[Excerpts from a dataset]
◇ ◇ ◇ ◇ ◇

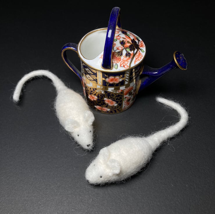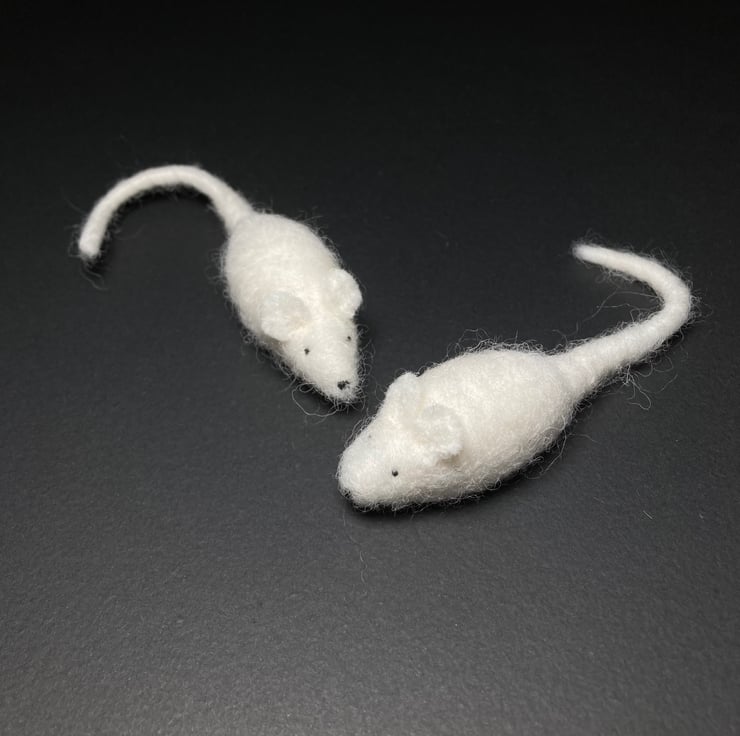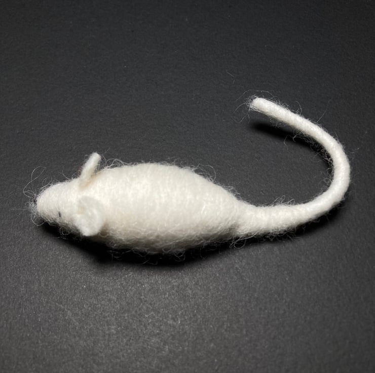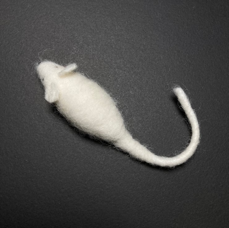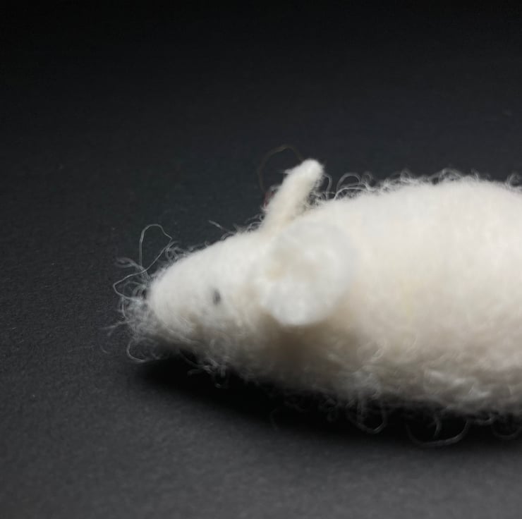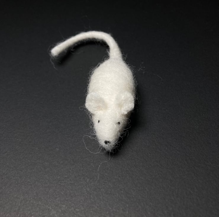 An adorable little white mouse needle felted using Corriedale woollen fibres and a barbed felting needle to sculpt him into shape. This listing is for one mouse. The tail has been formed around a central pipe cleaner allowing it to be bent as desired. Tiny felt ears have been added along with the note and eyes, stitched with black thread.
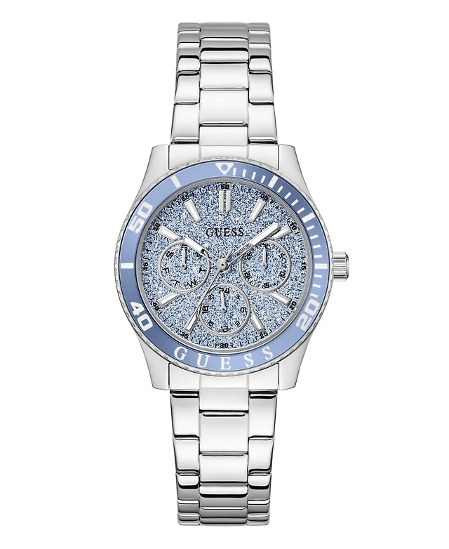 Dkny Women's Silver Crystal Covered Dial Crystal Bezel Stainless Steel Bracelet Multifunctional Watch, 36mm
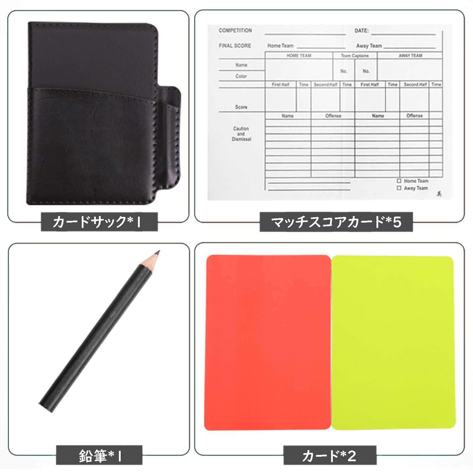【審判に最適】レフェリーカードセットには、レッドカード、イエローカード、鉛筆 (マッチスコアカード付き)、トスコイン、ストラップ付きメタルコーチホイッスルが含まれます。クラシックな組み合わせのデザインは、試合の審判に最適な製品です。
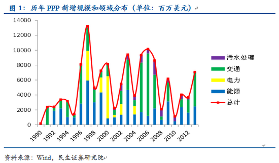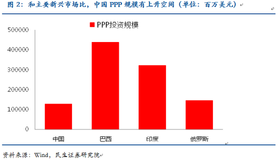 根據(jù)國務(wù)院研究發(fā)展中心的測(cè)算,到2020年,與城鎮(zhèn)化相關(guān)的融資需求約為42萬億元。根據(jù)43號(hào)文和《地方政府存量債務(wù)納入預(yù)算管理清理甄別辦法》的規(guī)定推演,未來地方政府性債務(wù)主要由一般政府債、專項(xiàng)政府債和PPP債構(gòu)成??梢姡瑧?yīng)對(duì)未來幾十年城鎮(zhèn)化的資金缺口,PPP模式被委以了重任。 從43號(hào)文規(guī)定來看,對(duì)于新增政府債務(wù),推廣使用政府與社會(huì)資本合作模式。鼓勵(lì)社會(huì)資本通過特許經(jīng)營等方式,參與城市基礎(chǔ)設(shè)施等有一定收益的公益性事業(yè)投資和運(yùn)營。對(duì)于存量政府債務(wù),在建工程確實(shí)沒有其他建設(shè)資金來源的,應(yīng)主要通過政府與社會(huì)資本合作模式和地方政府債券解決后續(xù)融資。 PPP模式具有較大的發(fā)展?jié)摿?。一方面?013年中國PPP項(xiàng)目的累計(jì)總投資為1278億美元,和同類型新興市場(chǎng)比有較大的差距。另一方面,2013年新增的PPP投資額僅為7億美元,而2013年城投債的發(fā)行量則高達(dá)9512億元,若PPP模式成功替代城投主導(dǎo)的融資模式,其發(fā)展空間巨大。
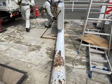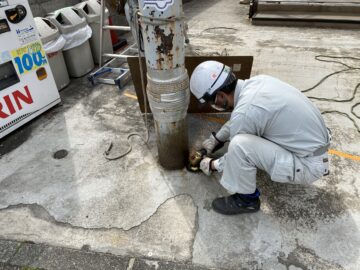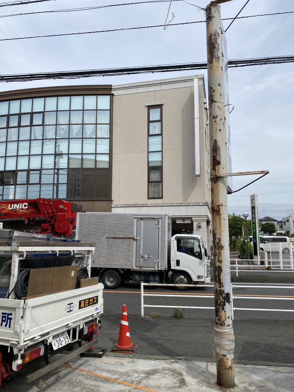 既存鉄柱の撤去です 駐車スペース確保の為 使用していない看板鉄柱の
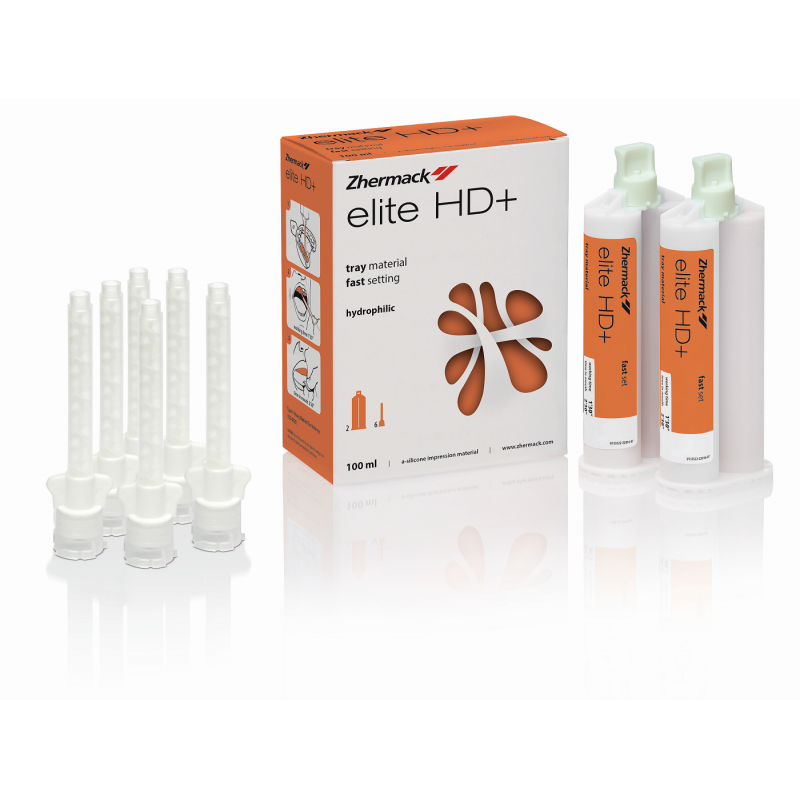 Elite HD+ Tray Material (ratios de mélange de 1:1 et 5:1) est un polyvinylsiloxane à haute viscosité recommandé pour la technique en deux étapes (double empreinte) en association avec Elite HD+ Light Body ou Elite HD+ Super Light Body, ou la technique en une étape (simultanée) en association avec Elite HD+ Regular Body ou Elite HD+ Light Body.

◇ ◇ ◇ ◇ ◇

◆ Required action
Return the preceding entries exactly, each word as given, but leave out any picture.

◆ Exercise answer
 An adorable little white mouse needle felted using Corriedale woollen fibres and a barbed felting needle to sculpt him into shape. This listing is for one mouse. The tail has been formed around a central pipe cleaner allowing it to be bent as desired. Tiny felt ears have been added along with the note and eyes, stitched with black thread.
 Dkny Women's Silver Crystal Covered Dial Crystal Bezel Stainless Steel Bracelet Multifunctional Watch, 36mm
【審判に最適】レフェリーカードセットには、レッドカード、イエローカード、鉛筆 (マッチスコアカード付き)、トスコイン、ストラップ付きメタルコーチホイッスルが含まれます。クラシックな組み合わせのデザインは、試合の審判に最適な製品です。
 根據(jù)國務(wù)院研究發(fā)展中心的測(cè)算,到2020年,與城鎮(zhèn)化相關(guān)的融資需求約為42萬億元。根據(jù)43號(hào)文和《地方政府存量債務(wù)納入預(yù)算管理清理甄別辦法》的規(guī)定推演,未來地方政府性債務(wù)主要由一般政府債、專項(xiàng)政府債和PPP債構(gòu)成??梢姡瑧?yīng)對(duì)未來幾十年城鎮(zhèn)化的資金缺口,PPP模式被委以了重任。 從43號(hào)文規(guī)定來看,對(duì)于新增政府債務(wù),推廣使用政府與社會(huì)資本合作模式。鼓勵(lì)社會(huì)資本通過特許經(jīng)營等方式,參與城市基礎(chǔ)設(shè)施等有一定收益的公益性事業(yè)投資和運(yùn)營。對(duì)于存量政府債務(wù),在建工程確實(shí)沒有其他建設(shè)資金來源的,應(yīng)主要通過政府與社會(huì)資本合作模式和地方政府債券解決后續(xù)融資。 PPP模式具有較大的發(fā)展?jié)摿?。一方面?013年中國PPP項(xiàng)目的累計(jì)總投資為1278億美元,和同類型新興市場(chǎng)比有較大的差距。另一方面,2013年新增的PPP投資額僅為7億美元,而2013年城投債的發(fā)行量則高達(dá)9512億元,若PPP模式成功替代城投主導(dǎo)的融資模式,其發(fā)展空間巨大。
 既存鉄柱の撤去です 駐車スペース確保の為 使用していない看板鉄柱の
 Elite HD+ Tray Material (ratios de mélange de 1:1 et 5:1) est un polyvinylsiloxane à haute viscosité recommandé pour la technique en deux étapes (double empreinte) en association avec Elite HD+ Light Body ou Elite HD+ Super Light Body, ou la technique en une étape (simultanée) en association avec Elite HD+ Regular Body ou Elite HD+ Light Body.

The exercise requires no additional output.